PDF of $\frac{\min(X,Y)}{\max(X,Y)}$ when $X$ and $Y$ are iid Exponential with parameter $\lambda$

Question

I am given that $X$ and $Y$ are iid Exponential with parameter $\lambda$. Then I am to compute pdf of $\frac{\min(X,Y)}{\max(X,Y)}$

I have derived that the pdf of $Z=\min(X,Y)$ . is given by:-

$$f_{Z}(z)=2\lambda e^{-2\lambda z}\,\, , z\geq 0.$$

And $T=\max(X,Y)$ is given by

$$f_{T}(t)=2\lambda (1-e^{-\lambda t})e^{-\lambda t}\,\,, t\geq 0.$$

Now to derive the PDF of $\frac{Z}{T}$ I am thinking of using the Jacobian method with a substitution of $U$ and $V$ such that $U=\frac{Z}{T}$ and $V=Z$ . and then integrating the joint pdf of $U,V$ over $v$ to get the pdf of $U$. But I cannot find the joint pdf of $Z,T$ if Z and T are not independent.
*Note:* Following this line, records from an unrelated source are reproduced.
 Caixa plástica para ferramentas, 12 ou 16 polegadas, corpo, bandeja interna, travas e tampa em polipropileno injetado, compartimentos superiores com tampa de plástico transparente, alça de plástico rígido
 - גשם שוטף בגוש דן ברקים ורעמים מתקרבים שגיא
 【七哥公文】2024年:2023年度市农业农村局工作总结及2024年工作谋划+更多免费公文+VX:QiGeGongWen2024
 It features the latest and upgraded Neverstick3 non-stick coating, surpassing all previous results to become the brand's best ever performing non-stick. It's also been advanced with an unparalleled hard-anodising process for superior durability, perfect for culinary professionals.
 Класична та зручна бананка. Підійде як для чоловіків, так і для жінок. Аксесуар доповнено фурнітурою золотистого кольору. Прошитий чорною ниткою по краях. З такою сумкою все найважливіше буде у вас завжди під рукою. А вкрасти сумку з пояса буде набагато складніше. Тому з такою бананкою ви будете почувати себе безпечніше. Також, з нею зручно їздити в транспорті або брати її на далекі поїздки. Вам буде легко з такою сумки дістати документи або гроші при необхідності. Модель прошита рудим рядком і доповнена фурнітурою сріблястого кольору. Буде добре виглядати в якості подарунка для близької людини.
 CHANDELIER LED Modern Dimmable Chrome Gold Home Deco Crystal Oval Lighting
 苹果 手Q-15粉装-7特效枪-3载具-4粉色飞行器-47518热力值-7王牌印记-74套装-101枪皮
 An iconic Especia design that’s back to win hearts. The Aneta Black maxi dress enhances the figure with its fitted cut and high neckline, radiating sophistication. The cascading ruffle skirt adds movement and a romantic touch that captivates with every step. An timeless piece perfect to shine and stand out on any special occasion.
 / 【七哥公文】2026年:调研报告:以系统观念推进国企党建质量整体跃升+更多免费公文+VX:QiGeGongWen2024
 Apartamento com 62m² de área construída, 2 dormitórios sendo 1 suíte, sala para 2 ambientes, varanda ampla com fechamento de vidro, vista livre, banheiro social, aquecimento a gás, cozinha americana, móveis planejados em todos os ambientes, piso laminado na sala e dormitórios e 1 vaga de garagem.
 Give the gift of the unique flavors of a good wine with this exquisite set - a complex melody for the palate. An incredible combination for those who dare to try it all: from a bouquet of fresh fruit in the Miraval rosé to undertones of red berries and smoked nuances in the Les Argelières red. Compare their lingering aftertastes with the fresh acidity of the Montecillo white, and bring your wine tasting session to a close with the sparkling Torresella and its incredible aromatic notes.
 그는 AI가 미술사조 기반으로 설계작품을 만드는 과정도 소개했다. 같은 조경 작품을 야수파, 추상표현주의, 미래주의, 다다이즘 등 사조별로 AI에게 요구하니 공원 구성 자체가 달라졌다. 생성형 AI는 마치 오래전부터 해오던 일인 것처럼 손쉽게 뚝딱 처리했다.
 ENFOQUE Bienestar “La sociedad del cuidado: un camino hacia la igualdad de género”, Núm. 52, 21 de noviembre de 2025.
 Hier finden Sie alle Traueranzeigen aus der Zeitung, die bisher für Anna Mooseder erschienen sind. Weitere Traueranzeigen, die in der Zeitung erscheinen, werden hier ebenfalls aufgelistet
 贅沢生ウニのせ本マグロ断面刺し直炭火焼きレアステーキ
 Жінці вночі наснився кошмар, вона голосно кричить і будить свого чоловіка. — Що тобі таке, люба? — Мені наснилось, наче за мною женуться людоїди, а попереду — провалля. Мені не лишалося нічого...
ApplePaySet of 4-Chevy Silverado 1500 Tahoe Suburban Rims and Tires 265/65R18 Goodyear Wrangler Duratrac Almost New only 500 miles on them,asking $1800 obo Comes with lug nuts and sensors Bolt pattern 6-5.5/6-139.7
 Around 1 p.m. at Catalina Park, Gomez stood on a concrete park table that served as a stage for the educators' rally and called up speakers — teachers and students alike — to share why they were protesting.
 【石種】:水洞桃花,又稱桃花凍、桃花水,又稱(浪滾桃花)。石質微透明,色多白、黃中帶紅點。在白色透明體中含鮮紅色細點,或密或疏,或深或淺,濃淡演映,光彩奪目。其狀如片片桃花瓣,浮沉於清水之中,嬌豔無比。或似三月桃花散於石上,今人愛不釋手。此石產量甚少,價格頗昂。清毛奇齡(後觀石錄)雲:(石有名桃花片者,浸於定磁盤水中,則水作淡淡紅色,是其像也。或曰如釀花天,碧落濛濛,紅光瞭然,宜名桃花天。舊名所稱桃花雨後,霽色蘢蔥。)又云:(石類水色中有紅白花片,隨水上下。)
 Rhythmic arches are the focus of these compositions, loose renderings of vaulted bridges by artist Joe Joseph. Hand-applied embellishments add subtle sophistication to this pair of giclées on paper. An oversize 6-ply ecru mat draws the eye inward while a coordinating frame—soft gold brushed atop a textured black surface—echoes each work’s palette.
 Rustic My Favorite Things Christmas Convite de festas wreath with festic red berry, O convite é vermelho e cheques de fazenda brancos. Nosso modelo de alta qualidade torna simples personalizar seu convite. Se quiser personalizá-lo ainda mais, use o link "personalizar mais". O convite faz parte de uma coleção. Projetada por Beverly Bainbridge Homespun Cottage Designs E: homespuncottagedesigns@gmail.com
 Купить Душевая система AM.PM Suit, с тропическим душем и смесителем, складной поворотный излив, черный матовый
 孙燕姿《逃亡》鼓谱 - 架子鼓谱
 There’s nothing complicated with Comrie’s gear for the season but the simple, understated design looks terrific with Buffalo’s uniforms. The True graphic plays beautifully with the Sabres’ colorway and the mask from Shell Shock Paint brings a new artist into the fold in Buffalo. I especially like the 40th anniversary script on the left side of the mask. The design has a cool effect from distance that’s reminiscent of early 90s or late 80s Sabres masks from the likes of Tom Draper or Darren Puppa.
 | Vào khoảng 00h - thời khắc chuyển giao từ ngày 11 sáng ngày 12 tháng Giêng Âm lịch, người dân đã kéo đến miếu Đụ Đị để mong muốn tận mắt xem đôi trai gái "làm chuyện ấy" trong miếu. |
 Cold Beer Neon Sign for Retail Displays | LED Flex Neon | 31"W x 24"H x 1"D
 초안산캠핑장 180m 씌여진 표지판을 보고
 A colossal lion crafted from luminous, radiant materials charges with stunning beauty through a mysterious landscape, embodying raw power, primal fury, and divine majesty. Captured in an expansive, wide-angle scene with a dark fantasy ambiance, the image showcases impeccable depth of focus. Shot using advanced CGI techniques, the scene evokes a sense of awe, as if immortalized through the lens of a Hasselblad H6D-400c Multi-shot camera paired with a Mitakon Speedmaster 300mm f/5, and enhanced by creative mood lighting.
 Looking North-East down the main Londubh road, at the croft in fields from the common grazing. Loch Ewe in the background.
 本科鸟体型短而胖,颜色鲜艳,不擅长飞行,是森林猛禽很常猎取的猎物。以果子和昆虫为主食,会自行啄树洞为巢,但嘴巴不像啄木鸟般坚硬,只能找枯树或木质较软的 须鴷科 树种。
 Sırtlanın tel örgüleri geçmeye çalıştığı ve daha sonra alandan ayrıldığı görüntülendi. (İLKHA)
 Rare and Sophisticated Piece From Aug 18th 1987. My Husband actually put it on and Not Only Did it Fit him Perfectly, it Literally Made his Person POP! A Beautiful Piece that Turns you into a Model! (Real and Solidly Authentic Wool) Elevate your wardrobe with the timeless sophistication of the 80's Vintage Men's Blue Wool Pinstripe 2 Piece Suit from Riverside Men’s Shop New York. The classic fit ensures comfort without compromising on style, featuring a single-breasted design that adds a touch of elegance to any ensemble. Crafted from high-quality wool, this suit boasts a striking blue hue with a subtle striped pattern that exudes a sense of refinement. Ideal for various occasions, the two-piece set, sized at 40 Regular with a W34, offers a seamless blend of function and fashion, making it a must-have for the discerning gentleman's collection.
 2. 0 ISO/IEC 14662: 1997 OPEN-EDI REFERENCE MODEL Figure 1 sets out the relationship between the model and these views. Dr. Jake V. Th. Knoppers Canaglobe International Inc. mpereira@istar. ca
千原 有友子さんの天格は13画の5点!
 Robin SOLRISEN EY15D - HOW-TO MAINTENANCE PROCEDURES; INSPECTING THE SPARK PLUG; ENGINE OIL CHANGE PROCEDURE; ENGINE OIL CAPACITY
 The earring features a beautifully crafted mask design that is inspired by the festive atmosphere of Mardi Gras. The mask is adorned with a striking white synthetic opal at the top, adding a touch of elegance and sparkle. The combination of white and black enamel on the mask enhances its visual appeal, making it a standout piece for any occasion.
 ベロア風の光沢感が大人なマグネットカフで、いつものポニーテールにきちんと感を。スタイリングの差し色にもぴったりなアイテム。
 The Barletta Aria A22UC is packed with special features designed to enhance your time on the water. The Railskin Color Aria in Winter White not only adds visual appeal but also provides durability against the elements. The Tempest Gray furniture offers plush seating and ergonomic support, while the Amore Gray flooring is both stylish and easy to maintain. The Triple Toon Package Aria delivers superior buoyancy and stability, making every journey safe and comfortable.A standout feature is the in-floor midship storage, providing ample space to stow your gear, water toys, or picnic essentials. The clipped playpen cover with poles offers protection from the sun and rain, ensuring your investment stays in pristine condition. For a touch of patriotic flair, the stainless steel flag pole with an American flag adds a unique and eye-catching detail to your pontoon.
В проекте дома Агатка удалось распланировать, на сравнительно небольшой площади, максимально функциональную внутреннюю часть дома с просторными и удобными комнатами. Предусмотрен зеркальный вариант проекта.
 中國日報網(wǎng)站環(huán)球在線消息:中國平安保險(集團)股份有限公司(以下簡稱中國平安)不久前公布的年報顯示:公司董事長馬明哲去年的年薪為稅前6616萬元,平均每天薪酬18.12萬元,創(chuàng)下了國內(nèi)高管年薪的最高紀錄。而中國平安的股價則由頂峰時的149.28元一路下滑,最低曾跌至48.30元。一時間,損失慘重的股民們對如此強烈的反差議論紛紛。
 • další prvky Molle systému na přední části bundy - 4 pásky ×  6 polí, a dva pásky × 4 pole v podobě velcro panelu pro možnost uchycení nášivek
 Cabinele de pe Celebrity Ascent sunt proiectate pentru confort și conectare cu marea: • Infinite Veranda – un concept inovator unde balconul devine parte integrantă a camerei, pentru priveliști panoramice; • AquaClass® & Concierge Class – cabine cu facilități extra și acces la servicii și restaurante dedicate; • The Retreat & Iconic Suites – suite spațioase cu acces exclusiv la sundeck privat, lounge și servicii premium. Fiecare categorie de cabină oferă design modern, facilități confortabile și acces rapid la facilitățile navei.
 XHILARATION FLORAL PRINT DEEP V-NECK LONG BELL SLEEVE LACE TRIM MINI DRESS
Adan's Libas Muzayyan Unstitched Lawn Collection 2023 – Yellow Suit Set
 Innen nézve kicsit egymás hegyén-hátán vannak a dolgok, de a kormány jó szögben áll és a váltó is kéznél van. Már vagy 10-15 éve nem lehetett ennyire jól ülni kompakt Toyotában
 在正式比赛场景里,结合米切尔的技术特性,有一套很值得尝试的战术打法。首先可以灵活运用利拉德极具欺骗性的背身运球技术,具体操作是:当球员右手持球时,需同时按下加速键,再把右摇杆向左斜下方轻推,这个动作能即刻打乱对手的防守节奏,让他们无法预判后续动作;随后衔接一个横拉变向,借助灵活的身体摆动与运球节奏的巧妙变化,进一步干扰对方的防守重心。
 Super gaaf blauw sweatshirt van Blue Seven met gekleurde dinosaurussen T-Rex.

Is my thinking correct?. Am I in the right direction?. What is the correct method to solve this ?.

Answer 1

But I cannot find the joint pdf of Z,T if Z and T are not independent.

The joint pdf is just:

$$\begin{align}f_{Z,T}(z,t) &=f_{\min(X,Y),\max(X,Y)}(z,t) \\[1ex] &= f_X(Z)f_Y(T)+f_X(T)f_Y(Z) \\[1ex] &= 2\lambda^2\mathrm e^{-\lambda(z+t)}\mathbf 1_{0\leq z\leq t}\end{align}$$

---

So the marginal of $Z\div T$ can be found by :

$$\begin{align}f_{Z\div T}(s) &= \mathbf 1_{0\leq s\leq 1}\int_0^\infty \left\lvert\tfrac{\partial st}{\partial s}\right\rvert f_{Z,T}(st,t)\,\mathrm d t\\[1ex]&=2\lambda^2\,\mathbf 1_{0\leq s\leq 1}\int_0^\infty t~\mathrm e^{-\lambda(1+s)t}\,\mathrm d t \\[1ex]&= \phantom{2(1+s)^{-2}\,\mathbf 1_{0\leq s\leq 1}} \end{align}$$

Answer 2

The random variable $W:=\frac{\min(X,Y)}{\max(X,Y)}$ has support in $[0,1]$. Let $0\le t\le1$. Then \begin{align*} P(W\le t)&=P(\min(X,Y)\le t\max(X,Y))\\[.4em]&=P(X\le tY,X<Y)+P(Y\le tX,X>Y)\\[.4em] &=P(X\le tY)+P(Y\le tX)\\[.4em] &=E[1-\mathrm e^{-\lambda tY}]+E[1-\mathrm e^{-\lambda tX}]\\[.4em] &=2-2E[\mathrm e^{-\lambda tX}]\\[.4em] &=2-\frac2{1+t}, \end{align*} so a density is $$f_W(t):=\frac{\mathrm d}{\mathrm dt}P(W\le t)=\frac2{(1+t)^2},\quad0\le t\le1.$$